Duitsland overweegt grenzen werknmers uit nieuwe lidstaten open te stellen (en)
Auteur: | By Lucia Kubosova
Germany is set to consider relaxing or dropping labour barriers against job seekers from the new EU member states due to a rising number of vacancies impossible to fill by domestic workers.
Angela Merkel's cabinet will debate the issue in late August, but Gerd Andres from the labour ministry admitted, "If we continue to suffer from a labour shortage in Germany, we could consider lifting the limits on eastern European labour before 2009," according to the daily Hanoversche Allgemeine Zeitung.
Government spokesman Ulrich Wilhelm suggested that the grand coalition of Christian democrats CDU/CSU and social democrats SPD has not yet reached a common position on the matter.
But employers' groups praised the plan to consider a change of the strategy, with Achim Derecks of the German chamber of commerce commenting it was a "good sign" that it was no longer a taboo to consider removing the restrictions before 2009, reports AFP.

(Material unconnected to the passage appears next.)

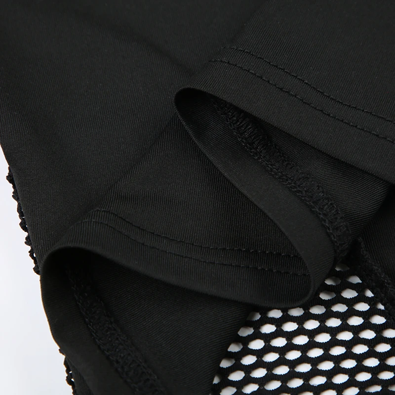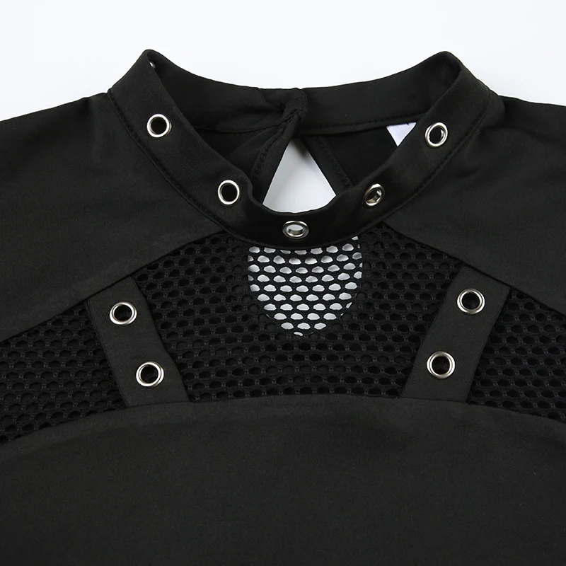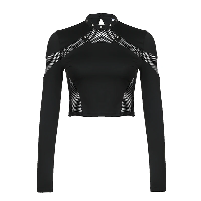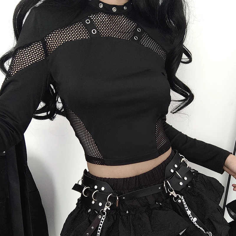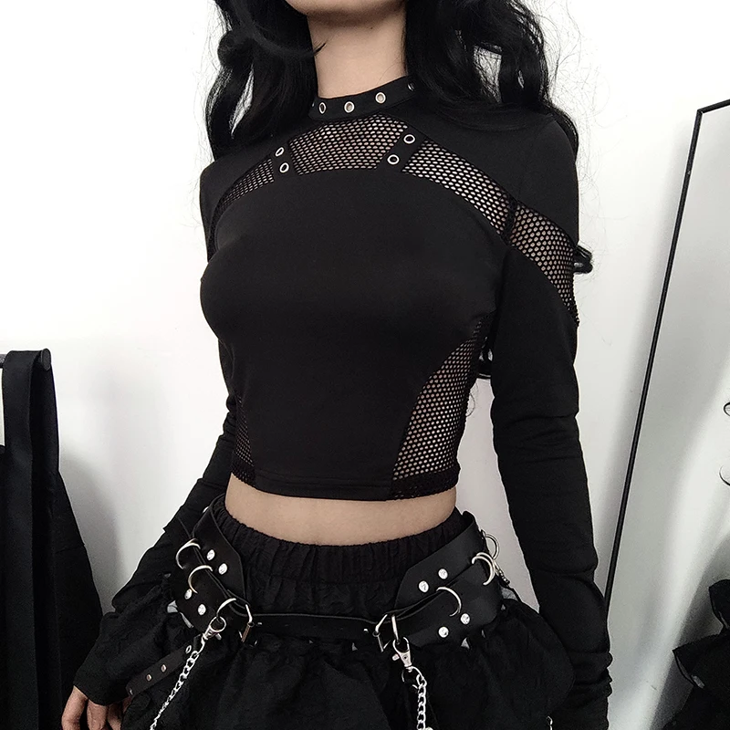 GETADME Goth Mesh Patchwork T-Shirts Sexy Hollow Out Long Sleeve Eyelet Crop Tops Fashion Women Punk Style Slim Tees Streetwear

Germany and Austria have been the most reluctant of the "old" EU member states to open their labour markets to citizens from eight post-communist countries which joined the bloc in 2004 as well as to Romania and Bulgaria which entered this year.
After taking up the possibility last year to extend their temporary restrictions for another three years, both Berlin and Vienna suggested it was likely they would use the maximum allowed period to keep the barriers - up till 2011.
However, the EU's biggest economy is currently facing a boom accompanied by record unemployment rates - the June statistics showed it was 8.8 percent, the lowest for 14 years.
At the same time, there are almost a million vacancies available in the country's labour market that employers strive to fill due to great shortages of German qualified job seekers.
With a low birth rate and proceeding trends of aging population, experts suggest the country's economic growth could in the long run suffer as a result of such loopholes in the labour force.
Just the opposite in the UK
Free movement of workers - one of the fundamental principles of the union - was originally applied by the UK, Ireland and Sweden only with respect to the 2004 new members states, even though Finland, Portugal, Italy, Spain and Greece later joined in.
Both the UK and Ireland opted to temporarily close the door to Bulgarians and Romanians as a result of the unexpected surge of migrants.
Before 2004 enlargement, British officials had expected about 15,000 migrant workers a year to arrive in the country, but over 600,000 have taken the plunge in just two years.
The most recent statistics from the UK's Department for Work and Pensions have shown that the country continues attracting the newcomers, with over 320,000 people from central and eastern Europe reported to have come last year.
The figure is higher by 16 percent compared to 2005. On top of that, around 8,000 Romanians and Bulgarians arrived in the UK in a bid to find work, as well as 2,400 seasonal agricultural workers, according to the official report.